If you’ve been following the Equedia letter for some time, you know why all hyperinflation prophecies didn’t come to pass after the post-2008 stimulus. (Read full letter here)
For a quick recap, when the Fed started printing in 2008, investors thought the printed money and low rates would urge companies to borrow boatloads of cheap money. Then they’d use that money to reinvest in CAPEX and new jobs.
This way, the money would trickle down to the rest of the economy and spark inflation.
However, this forecast failed to predict that corporate executives — who look out for their own interests — wouldn’t reinvest printed money back into the business because they were still worried about economic growth. So, instead, they bought back their stock to plump up their share prices and bonuses.
That’s an unintended consequence that flipped an otherwise valid thesis on its head. And instead of inflation in consumer prices, asset prices ballooned.
(Side note: this is why everyone today is so complacent with insane asset valuations. They think the Fed will cave in and won’t back down. The stimulus money will go into buybacks and asset prices will keep chugging higher— just as they did in the last decade.)
But what if there’s another unintended consequence that will break this pattern?
Maybe things will boil over, and a political crisis will break out. Maybe buybacks will be banned. Maybe the Fed will be politically forced to rein in inflation at the expense of the market to a political backlash.
Anything can happen.
Know What You Don’t Know
The human brain craves answers.
We want to know what’s going on, why things happen the way they do, and how it will all play out in the future. Our survival instinct denies the unknown at all costs.
But the hard truth is, the market is too complex to boil down to a simple answer. And our inability to explain it urges us to come up with these compelling yet largely oversimplified and often false narratives.
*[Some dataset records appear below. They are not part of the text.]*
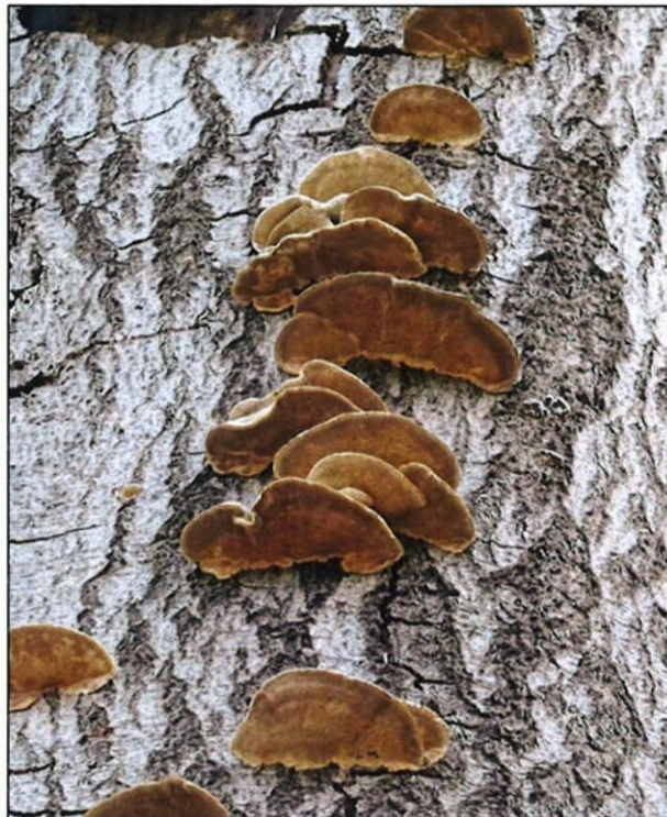
Foto boom 2, stervende beuk met ernstige zonnebrandschade waarop houtschimmels zich hebben gevestigd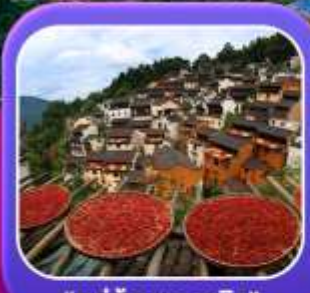
"หมู่บ้านทองหลิง"

หุบเขาเทวดาฉงเซี่ยนถู่ หมู่บ้านที่ตั้งอยู่ริมหน้าผา • หมู่บ้านโบราณทองหลิง ป่าสนน้ำชิงซาน • ล่องเรือทะเลสาบซีหู • ถนนโบราณตุ๋จื่อ • ชมแสงสีที่ อุ๋หนี่โจว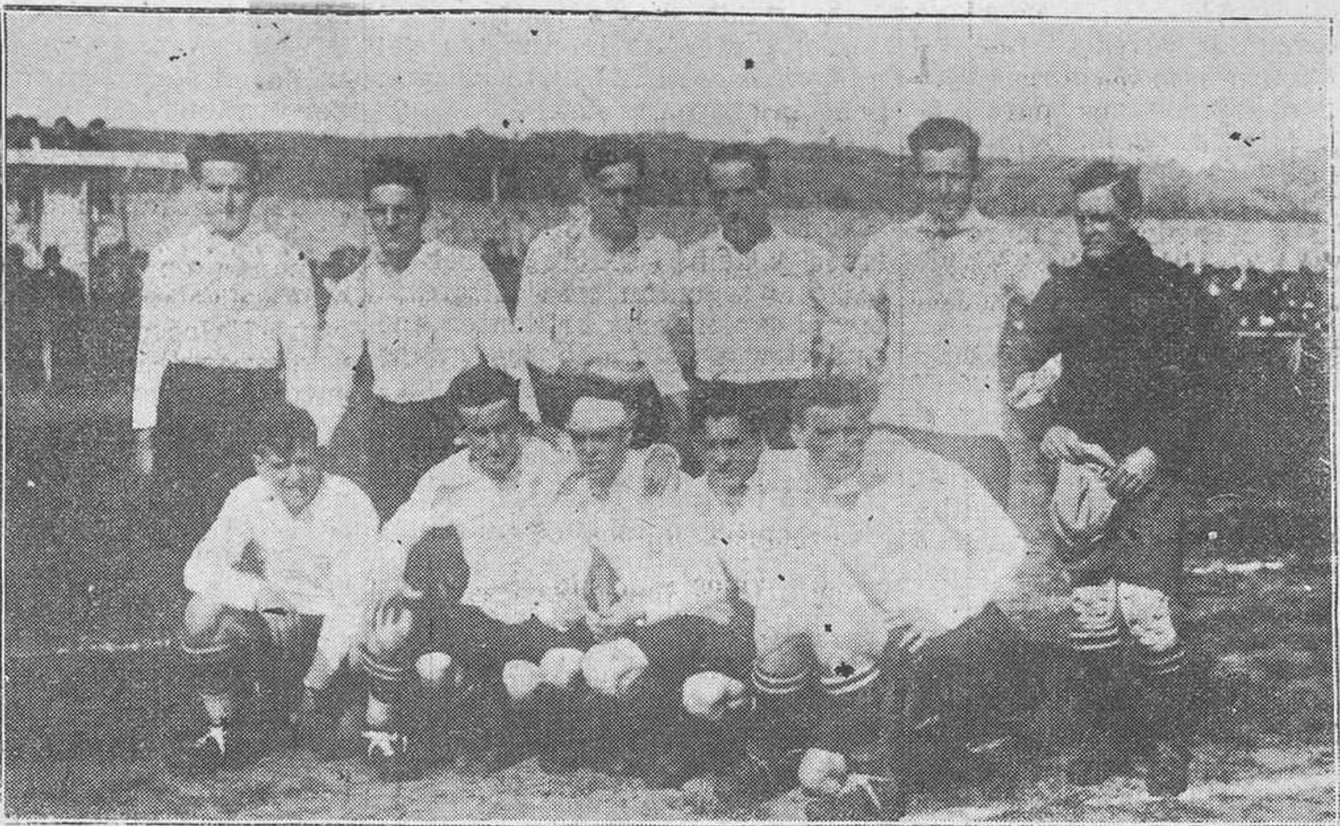
GIJÓN.—El Real Unión de Irún, que el domingo jugó con el Real Spórting un importante partido de campeonato, siendo vencido por este último

People tend to think it’s what you don’t know that puts you in danger—quite the opposite. The unknown keeps people grounded and alert. (Unless, of course, you are just downright ignorant.)
It’s the overconfidence in a false truth that compels people into making outsized investments that blow them up.
Think the dot com, the housing boom, and, potentially, the current rally driven by the firm belief that stimulus won’t ever let up.
As Mark Twain famously said: “It ain’t what you don’t know what gets you into trouble. It’s what you know for sure that just ain’t so.”
First, know what you don’t know and make peace with it. Second, diversify your views, so you aren’t betting your financial future on a single guess—be it an opinion of a pundit, our analysis, or your own gut.
Because let’s face it, most predictions are just that: a guess.
On that note…
Happy New Year, Equedia readers! I hope this year will bring all the success, monetary or otherwise, you truly deserve. But most importantly, I wish you intellectual humility and cool heads as we muddle through one of the most uncertain years in history.